Do napisania tego posta skłania mnie pewna rozmowa oczekujących  w kolejce do gabinetu lekarskiego.Zdaję sobie sprawę z tego , że jest sporo prawdy w powiedzeniu :,, Bóg zamykając jedne drzwi, natychmiast otwiera nam drugie'', tylko my mocno wystraszeni nie potrafimy ich dostrzec. Ale jak to powiedzenie ma się do choroby? Chyba nijak .Zastanawiam się co w nas takiego tkwi, że nawet w nieuleczalnej chorobie  doszukujemy się jakiegoś mistycyzmu(brakuje mi chyba odpowiedniego słowa na określenie ).W tej rozmowie padły słowa: ,, dzięki Bogu moja choroba wiele mnie nauczyła''. Czego konkretnie-oprócz tego, że życia nie da się repetować-może nauczyć choroba nowotworowa, bez szans na wyleczenie? Czego chce nas nauczyć Bóg doświadczając cierpieniem nie do zniesienia?
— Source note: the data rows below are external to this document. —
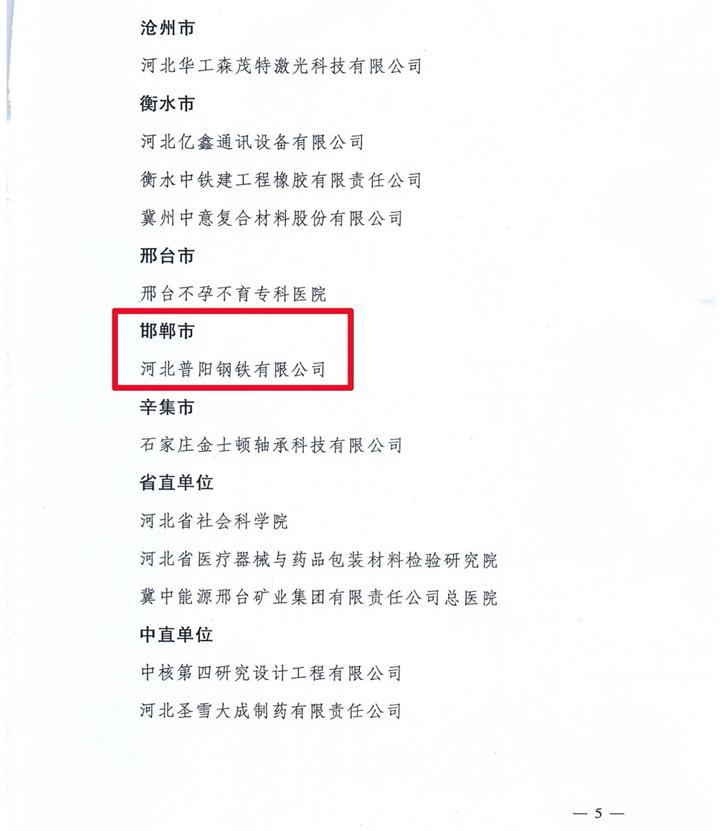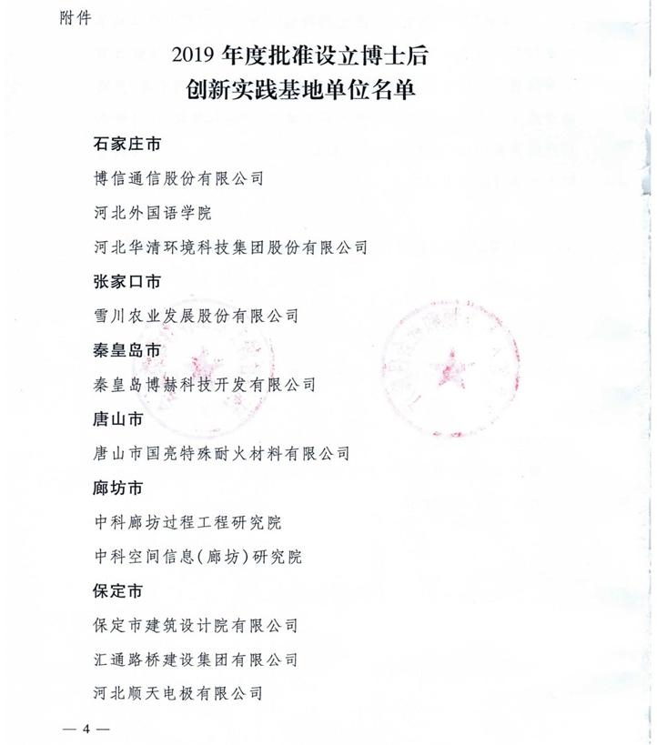 近日,根據(jù)《河北省人力資源和社會保障廳、河北省博士后工作管理委員會【2019】311號》文件公示,全省共有23家單位獲批設(shè)立博士后創(chuàng)新實踐基地,其中河北普陽鋼鐵有限公司榜上有名,是邯鄲市今年唯一入選的鋼鐵企業(yè)。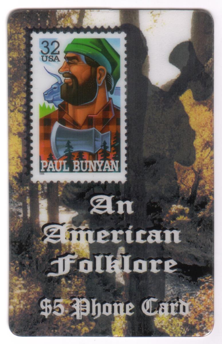 This collectible phone card features a detailed image of a 32-cent USA postage stamp depicting Paul Bunyan, a legendary American folk hero known for his lumberjack feats. The stamp shows Paul Bunyan in profile with a green cap and a red plaid shirt, with an axe resting on his shoulder. Below the stamp, the card has white Gothic-style text stating, "An American Folklore $5 Phone Card."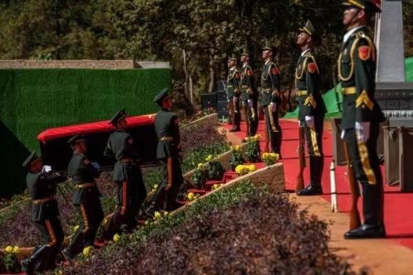 烈士陵園里,高聳的紀(jì)念碑引人注目。隨著烈士棺槨輕輕安放入墓,全體人員向烈士三鞠躬。隨后,現(xiàn)場(chǎng)的人們依次向烈士獻(xiàn)花致敬。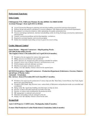 Bibin John Baby is a 24-year-old mechanical engineer seeking a challenging position to leverage his abilities and establish standards. He has over 5 years of experience in shipbuilding, repair, production, quality checking, and materials management. He holds a BE in Mechanical Engineering from Anna University and has experience managing construction projects and coordinating mechanical, electrical, and plumbing works. He is proficient in AutoCAD, piping works, unit erection, and quality inspections.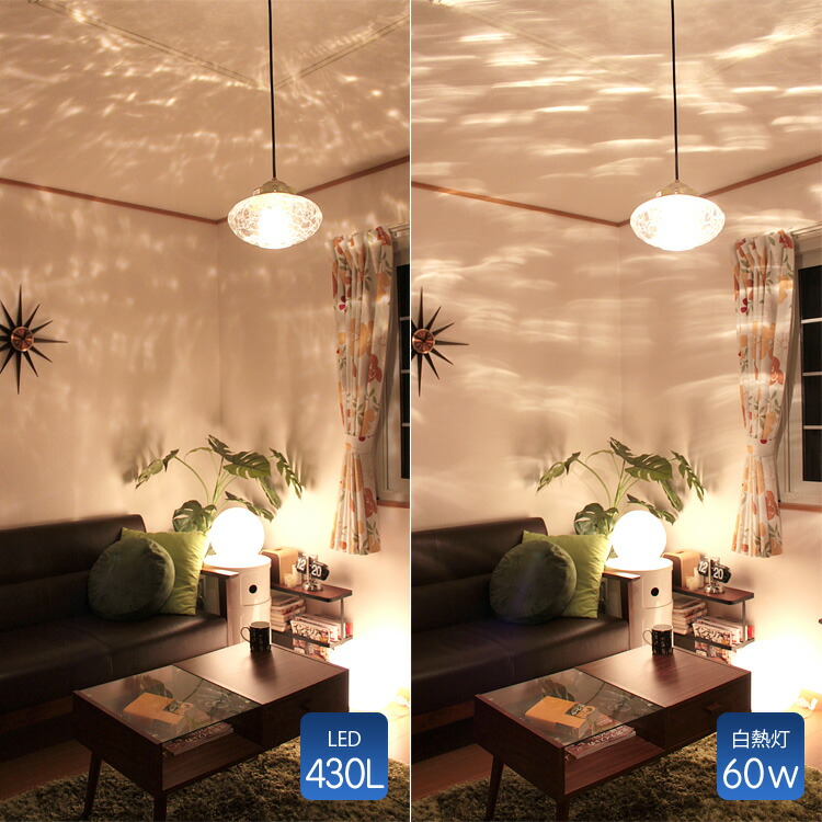 <LED>もろ電球が見えてしまうので普段は白熱灯、夏は暑すぎてこちらのLED。今のところ一番これがすっきりしてるみえるし、光の届き方が白熱灯に近いかも。クリアLED電球の今後の開発に期待してます。

Być może ja jestem zbyt głupia -ale nie umiem tego zrozumieć. Nie rozumiem w jaki sposób  Stwórca mógłby spokojnie patrzeć , jak cierpiący człowiek- jakby nie było Jego własne dzieło- przez ból obdarty z godności ludzkiej  pobiera cenne nauki. No cóż, niby na nauki nigdy nie jest za późno, ale .... Zgadzam się  , że opieka nad ciężko chorym człowiekiem uczy opiekuna : cierpliwości, pokory, może również tego, jak nie postępować w życiu by nie stać się takim ,,obiektem naukowym''. I  pisząc to wszystko absolutnie nie siebie mam na myśli, żeby była jasność. Ja na bunt moich płuc pracowałam sumiennie 40 lat, spalając furę papierosów. Więc w razie nieszczęścia będę stanowić żywą naukę, że z papierosami to lepiej wcale nie zaczynać.Naukę dla innych, bo dla mnie to już żadna nauka.  Płuca  już  mi stanęły okoniem -a repetować prawie pół wieku życia się nie da. A nawet gdyby można było, pewnie też bym była nałogowym palaczem, bo zawsze się liczy na to, że to nie będę ja.
PS. Żeby nie było, że ja tylko marudzę to informuję : zrobiłam trzy cudne wiązanki kwiatów z krepiny,  ale zdjęcia moich prac absolutnie cudne nie są, co widać. Bordowego koloru róż mój aparat nie widzi, albo ja jestem kompletny gamoń i tego aparatu ustawić nie potrafię, dlatego tylko jedne pokazuję.